**** The data ****

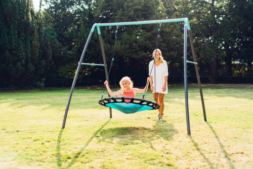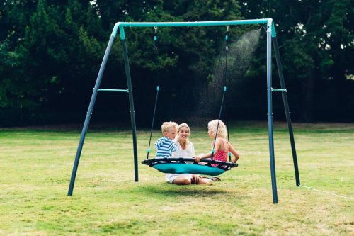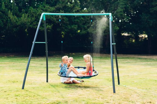 Pripojte detskú hojdačku Plum® s kovovou konštrukciou a tryskou na výrobu hmloviny k záhradnej hadici a užite si osviežujúcu zábavu v horúcich letných dňoch. Extra vysoký oceľový rám zaručuje vysokú stabilitu a je vyrobený z práškovo lakovanej ocele pozinkovanej zvnútra aj zvonku, ktoré poskytuje trvalú ochranu proti hrdzi. Šedá farba rámu s nebesky modrou vytvára nádhernú farebnú kombináciu. Pohodlné hojdacie hniezdo poskytuje dostatok miesta pre dve malé deti alebo dospelú osobu. Rozmer hojdacieho kruhu: cca 120 cm. Rozmer zostavenej hojdačky cca: 218 x 215 x 238 cm. Maximálna nosnosť užívateľa: 100 kg. Len na vonkajšie použitie pod dohľadom dospelej osoby. Nevhodné pre deti mladšie ako 36 mesiacov - nebezpečenstvo pádu. Rozmer balenia: 22 x 120 x 38 cm. Vek: 3+
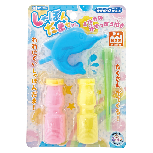 ○商品内容:しゃぼん玉液×2本,ストロー×1本、いるかの水てっぽう×1個
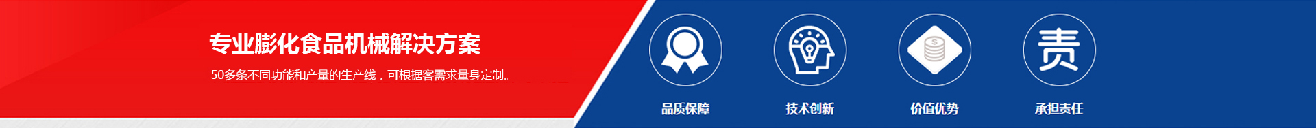 擠壓膨化技術(shù)作為一種經(jīng)濟實用的新型加工方法廣泛應用于食品生產(chǎn)中,并得到了迅速的發(fā)展。采用擠壓技術(shù)來加工谷物食品,在原來初步分隨和混合后,即可在擠壓機中一次完成混煉、熟化、破碎、殺菌、成型等工藝,制作膨化產(chǎn)品。在經(jīng)油炸(或不經(jīng)油炸)、烘干、調(diào)味后即可上市銷售。只要簡單地更換模具,便可方便地改進產(chǎn)品形狀…

****

#### Task goal
If pictures appear in the data, omit them and copy all other parts exactly.

#### Solution
 Pripojte detskú hojdačku Plum® s kovovou konštrukciou a tryskou na výrobu hmloviny k záhradnej hadici a užite si osviežujúcu zábavu v horúcich letných dňoch. Extra vysoký oceľový rám zaručuje vysokú stabilitu a je vyrobený z práškovo lakovanej ocele pozinkovanej zvnútra aj zvonku, ktoré poskytuje trvalú ochranu proti hrdzi. Šedá farba rámu s nebesky modrou vytvára nádhernú farebnú kombináciu. Pohodlné hojdacie hniezdo poskytuje dostatok miesta pre dve malé deti alebo dospelú osobu. Rozmer hojdacieho kruhu: cca 120 cm. Rozmer zostavenej hojdačky cca: 218 x 215 x 238 cm. Maximálna nosnosť užívateľa: 100 kg. Len na vonkajšie použitie pod dohľadom dospelej osoby. Nevhodné pre deti mladšie ako 36 mesiacov - nebezpečenstvo pádu. Rozmer balenia: 22 x 120 x 38 cm. Vek: 3+
 ○商品内容:しゃぼん玉液×2本,ストロー×1本、いるかの水てっぽう×1個
 擠壓膨化技術(shù)作為一種經(jīng)濟實用的新型加工方法廣泛應用于食品生產(chǎn)中,并得到了迅速的發(fā)展。采用擠壓技術(shù)來加工谷物食品,在原來初步分隨和混合后,即可在擠壓機中一次完成混煉、熟化、破碎、殺菌、成型等工藝,制作膨化產(chǎn)品。在經(jīng)油炸(或不經(jīng)油炸)、烘干、調(diào)味后即可上市銷售。只要簡單地更換模具,便可方便地改進產(chǎn)品形狀…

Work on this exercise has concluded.